Some Thoughts on Luck

I've been thinking a lot about luck over the past couple of weeks.

Highly successful people tend to say things like, "you make your own luck", which basically discounts the existence of luck entirely. Implying that your success, or lack of success, in life is due entirely to your actions. Even though I believe that we all have the ability to impact the direction of our lives, I totally reject the idea that luck has no role. In fact, I believe luck plays a rather large role.

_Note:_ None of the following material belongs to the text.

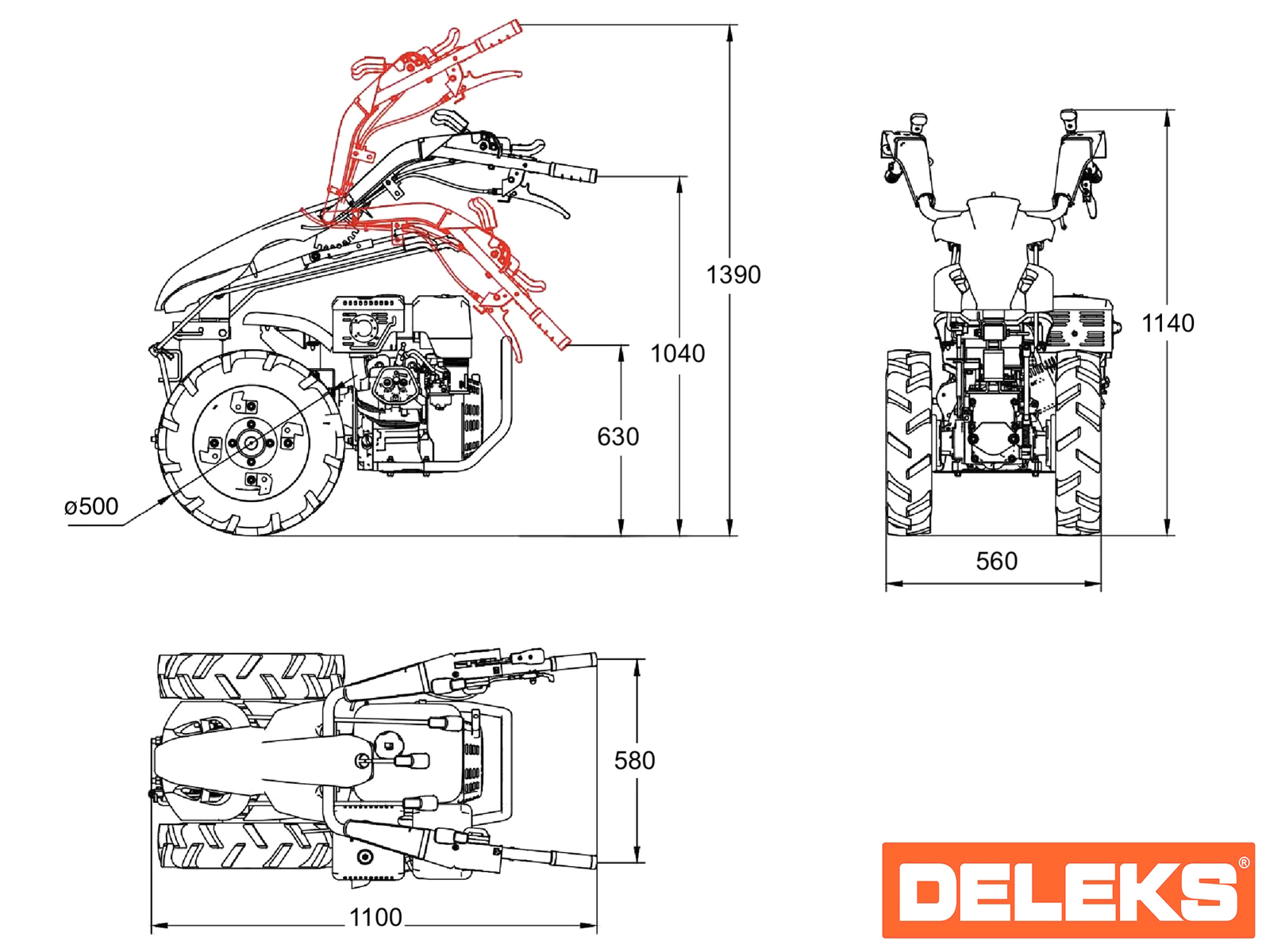 DELEKS® ZEUS tweewiel trekker, 14 pk Loncin benzinemotor, 3+2 versnellingsbak met snelwisselsysteem, diverse accessoires op aanvraag, Snelkoppeling (vrouwelijk) inbegrepen.

Luck, good or bad, begins with the family you are born into. There is no way to deny that our access to education, opportunity, nutrition, nurturing, support and even love is largely dependent on the parents who created us and each of these elements are crucial to a child's development. Being born to educated, loving family with a comfortable income is lucky. Being born to a drug addicted prostitute is decidedly unlucky. We have no say in who our parents are and what genes they give us. Being born healthy and robust is lucky. Being born with a physical or mental disability is unlucky. Both situation are completely beyond our control and have a huge impact on an individuals life.

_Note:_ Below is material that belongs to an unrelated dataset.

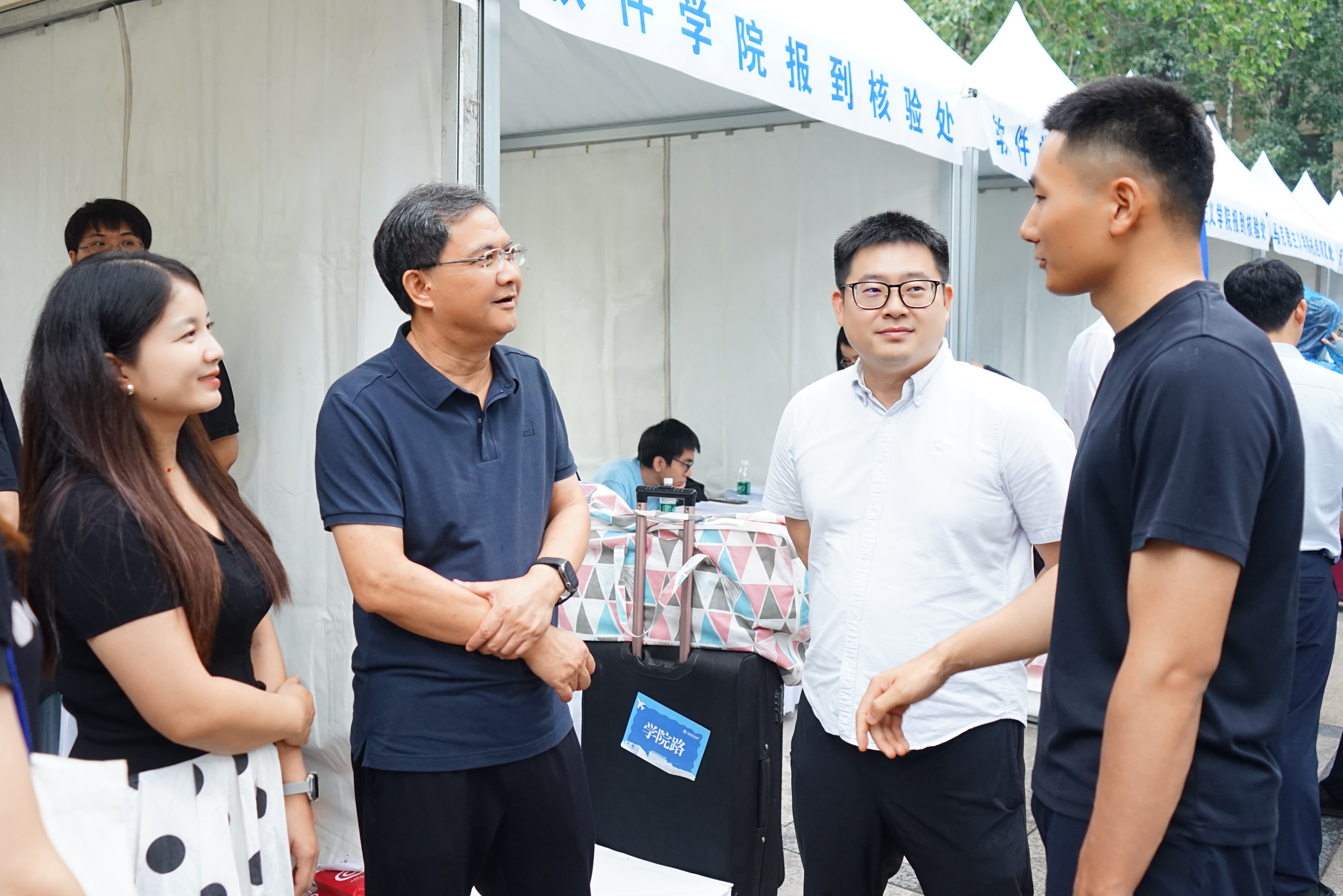 公司党委书记赵长禄、副董事长邓怡等校领导,英国上市官网365经理蔡劲松、党委书记王琪全、副经理陈文博、副经理涂晓芳、党委副书记方志等公司领导老师来到迎新现场,慰问参与迎新工作的师生,并与前来报到的研究生新生亲切交流,向他们表示热烈欢迎,鼓励他们勇做时代的弄潮儿,在自己的专业领域里笔耕不缀,勇于追梦,投身强国伟业。

While people can overcome terribly unlucky disadvantages from their start (Barak Obama and Oprah come to mind), their ability to do so is also PARTLY attributable to luck. The ones who are able to overcome are born with the right kind of personality type, they are specially equipped with focus, drive and are internally motivated toward a specific direction. Not everyone is born with the ability to overcome an unlucky start and that is not always their fault. Sure some people are lazy, some are cons but I believe most people are doing the best they can with the hand they have been dealt.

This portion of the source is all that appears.